The house was lonely. He avoided the empty nursery, and tried not to remember that Amy was the one who picked out the different paintings and flowers around the house. It was easier than it sounded.

It was mid-June when he looked out the window and saw her standing at the foot of the walk leading up to the house, her hands behind her back, and watching the window wistfully. He hurried outside before she could disappear.

She was pale and thinner than he remembered her. Her hair was loose, and hung down her back in dark waves.

She blinked when she saw him. "Hello, Teddy," she said calmly.

"Jo," he said hoarsely. "I've missed you."

She stood stark still and he was afraid to touch her. "Yes—well, I've missed you, too," she said. "But everything I said before still stands. I can't see you, Teddy."

He hissed softly under his breath and kissed her before she could stop him. Her lips were soft under his, and her hands came up to play with her hair. He pulled away and listened to the sound of his name on her tongue.

"Leave him, Jo," he begged. "You need to be happy—you've already been so unhappy—it isn't fair, and you know it."

She gulped down a sob and looked away.

He swallowed too, before he continued, rubbing her palms with his thumbs and speaking softer than before. "And what about me?" he asked quietly. "I've never loved anyone but you, Jo—I never will, I can't, I've tried. I love you. Just you. And if you love me too—then we must."

She shook her head wildly. "I can't," she said. "My family will never forgive me. Divorce—such a disgrace! Against my family, and God—I couldn't. I've bound myself to Fritz, and I must stay with him."

He tilted her chin up and kissed her again. There were no protests, just a soft, surprised noise from the corner of her mouth.

"Where's the brave Jo March I used to know?" he teased gently, running a finger along the side of her face.

She seemed to wilt under his touch. "She is gone," she whispered. "Beaten down by time and death. I'm sorry."

"You are still my Jo," Laurie contradicted her automatically.

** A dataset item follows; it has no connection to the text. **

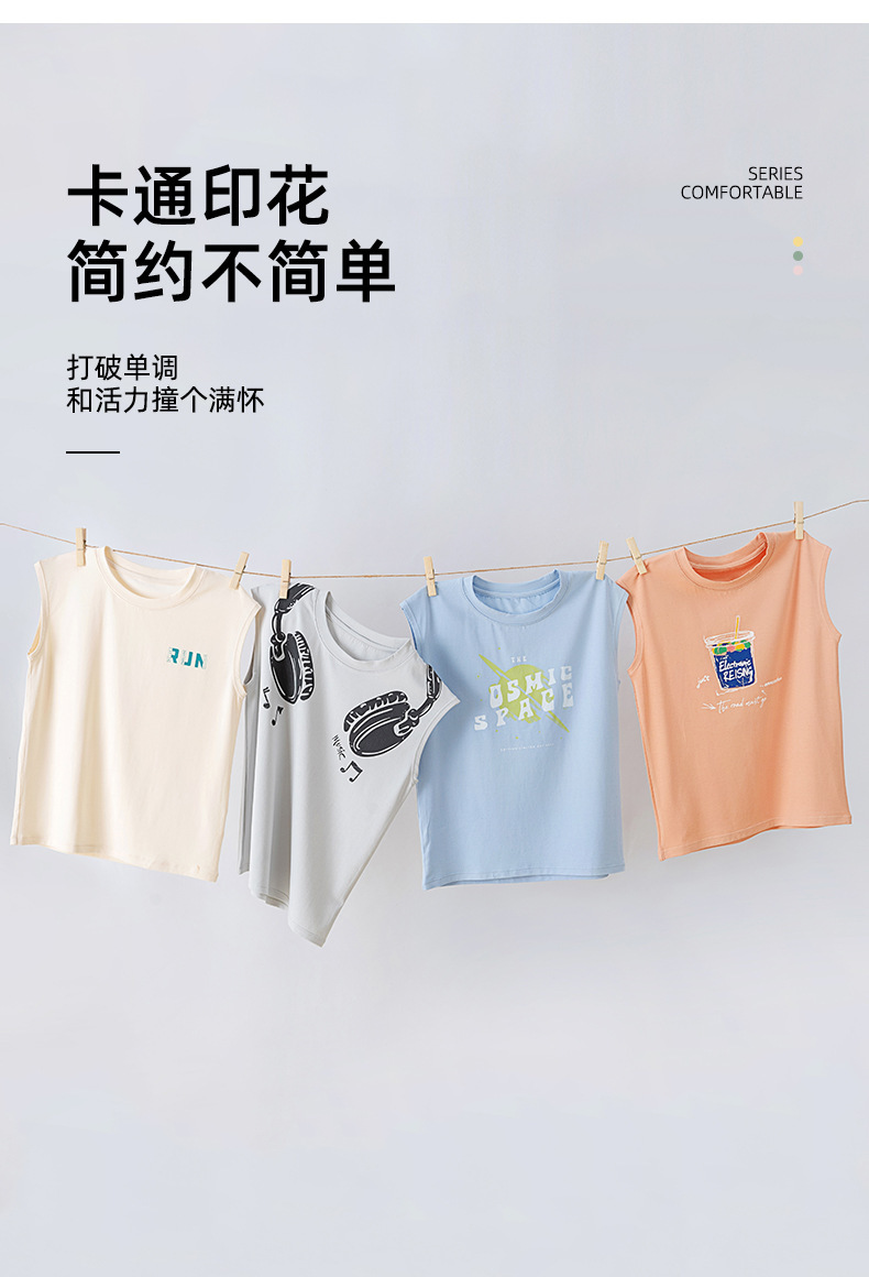 소년 조끼 여름 얇은 만화 소년 클래스 a 항균 민소매 티셔츠 대나무 섬유 시원한 겉옷 스포츠 탑스토어 가기

It was her turn to kiss him, and the small smile on her face seemed to confirm his belief.

XXXxxxXXXxxxXXX

He did not see her again until about a month later. Early August, she showed up on his porch, tears pouring down her face.

"I've asked Fritz for a divorce," she said calmly, before collapsing into him, sobbing.

He stroked her hair, and murmured comforting sounds into her ear, and felt like dancing.

"He said yes," she finally continued, once she had regained some of her composure. "I think he was too shocked to do anything else. So he will arrange everything, then go back to Germany to be with his family. He's so good to me, really. I know he loves me. But I can't—I can't."

He kissed her fiercely, high with the knowledge that he finally could.

"I don't know what I'll tell Marmee and Father and Meg," Jo said mournfully. "They'll all be so ashamed. And—I feel like I'm hurting Amy, somehow."

He looked at her carefully. Perhaps he had pushed her too far. "Jo—you don't have to do this. You can go back to…your husband—and undo it."

She looked at him and sniffed, then smiled shakily through her tears. "No," she said. "This is one choice I don't want to undo."